Task item
Reproduce the entries shown below only from the line with "听人讲呢间嘢几好食,但只做到" down to the line with "Time),接收端也需要駐留時間(Dwell Time)來獲取足夠的訊號雜訊比,這種循序漸進的非同步量測方式,會讓單一 TRM", keeping both end lines and copying each one exactly.

Material for the task
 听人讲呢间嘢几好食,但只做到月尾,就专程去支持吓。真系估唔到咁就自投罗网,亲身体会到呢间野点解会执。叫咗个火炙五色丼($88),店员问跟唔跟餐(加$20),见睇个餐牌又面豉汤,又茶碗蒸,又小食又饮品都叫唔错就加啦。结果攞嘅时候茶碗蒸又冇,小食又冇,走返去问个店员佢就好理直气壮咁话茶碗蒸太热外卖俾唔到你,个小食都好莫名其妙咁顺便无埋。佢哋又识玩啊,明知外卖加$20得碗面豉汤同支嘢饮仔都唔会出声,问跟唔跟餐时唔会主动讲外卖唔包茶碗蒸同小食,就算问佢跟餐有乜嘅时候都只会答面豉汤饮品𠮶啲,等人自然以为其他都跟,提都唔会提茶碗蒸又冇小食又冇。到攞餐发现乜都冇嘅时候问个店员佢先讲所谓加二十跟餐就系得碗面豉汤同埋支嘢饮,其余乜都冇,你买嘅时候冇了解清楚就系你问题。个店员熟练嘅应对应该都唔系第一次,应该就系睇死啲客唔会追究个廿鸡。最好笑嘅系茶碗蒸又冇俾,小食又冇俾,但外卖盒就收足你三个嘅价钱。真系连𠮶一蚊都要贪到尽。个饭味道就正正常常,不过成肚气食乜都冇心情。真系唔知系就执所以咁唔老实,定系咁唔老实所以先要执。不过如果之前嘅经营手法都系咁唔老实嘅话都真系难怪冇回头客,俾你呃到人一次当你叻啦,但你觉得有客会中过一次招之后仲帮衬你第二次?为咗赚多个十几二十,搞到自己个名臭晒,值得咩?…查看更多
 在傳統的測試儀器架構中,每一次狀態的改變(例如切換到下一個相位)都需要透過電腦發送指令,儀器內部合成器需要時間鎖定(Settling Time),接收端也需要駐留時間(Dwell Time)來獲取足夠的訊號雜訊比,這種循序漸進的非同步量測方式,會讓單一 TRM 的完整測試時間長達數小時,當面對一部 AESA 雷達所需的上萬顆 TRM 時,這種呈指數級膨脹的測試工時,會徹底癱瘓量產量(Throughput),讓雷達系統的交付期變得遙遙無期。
* * *
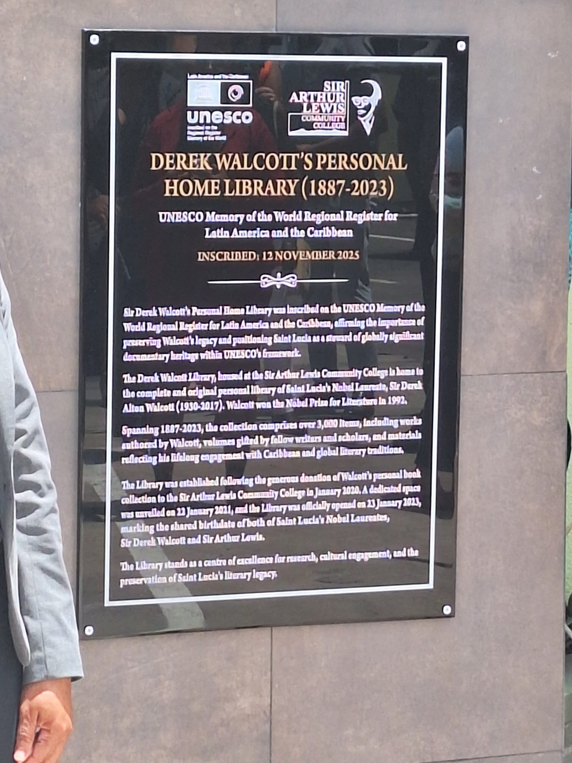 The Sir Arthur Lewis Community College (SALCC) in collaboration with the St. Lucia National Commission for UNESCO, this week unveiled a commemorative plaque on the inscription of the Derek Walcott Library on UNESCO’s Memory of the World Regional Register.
--
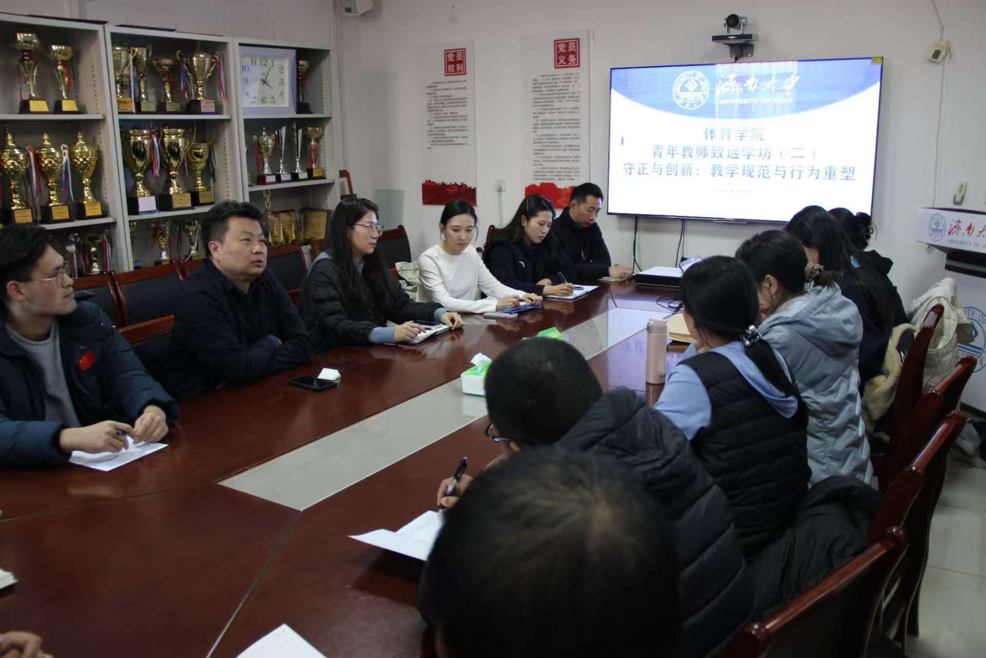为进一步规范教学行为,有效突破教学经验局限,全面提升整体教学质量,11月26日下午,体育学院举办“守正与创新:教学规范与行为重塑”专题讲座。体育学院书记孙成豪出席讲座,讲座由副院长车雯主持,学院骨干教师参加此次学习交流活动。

Worked solution
 听人讲呢间嘢几好食,但只做到月尾,就专程去支持吓。真系估唔到咁就自投罗网,亲身体会到呢间野点解会执。叫咗个火炙五色丼($88),店员问跟唔跟餐(加$20),见睇个餐牌又面豉汤,又茶碗蒸,又小食又饮品都叫唔错就加啦。结果攞嘅时候茶碗蒸又冇,小食又冇,走返去问个店员佢就好理直气壮咁话茶碗蒸太热外卖俾唔到你,个小食都好莫名其妙咁顺便无埋。佢哋又识玩啊,明知外卖加$20得碗面豉汤同支嘢饮仔都唔会出声,问跟唔跟餐时唔会主动讲外卖唔包茶碗蒸同小食,就算问佢跟餐有乜嘅时候都只会答面豉汤饮品𠮶啲,等人自然以为其他都跟,提都唔会提茶碗蒸又冇小食又冇。到攞餐发现乜都冇嘅时候问个店员佢先讲所谓加二十跟餐就系得碗面豉汤同埋支嘢饮,其余乜都冇,你买嘅时候冇了解清楚就系你问题。个店员熟练嘅应对应该都唔系第一次,应该就系睇死啲客唔会追究个廿鸡。最好笑嘅系茶碗蒸又冇俾,小食又冇俾,但外卖盒就收足你三个嘅价钱。真系连𠮶一蚊都要贪到尽。个饭味道就正正常常,不过成肚气食乜都冇心情。真系唔知系就执所以咁唔老实,定系咁唔老实所以先要执。不过如果之前嘅经营手法都系咁唔老实嘅话都真系难怪冇回头客,俾你呃到人一次当你叻啦,但你觉得有客会中过一次招之后仲帮衬你第二次?为咗赚多个十几二十,搞到自己个名臭晒,值得咩?…查看更多
 在傳統的測試儀器架構中,每一次狀態的改變(例如切換到下一個相位)都需要透過電腦發送指令,儀器內部合成器需要時間鎖定(Settling Time),接收端也需要駐留時間(Dwell Time)來獲取足夠的訊號雜訊比,這種循序漸進的非同步量測方式,會讓單一 TRM 的完整測試時間長達數小時,當面對一部 AESA 雷達所需的上萬顆 TRM 時,這種呈指數級膨脹的測試工時,會徹底癱瘓量產量(Throughput),讓雷達系統的交付期變得遙遙無期。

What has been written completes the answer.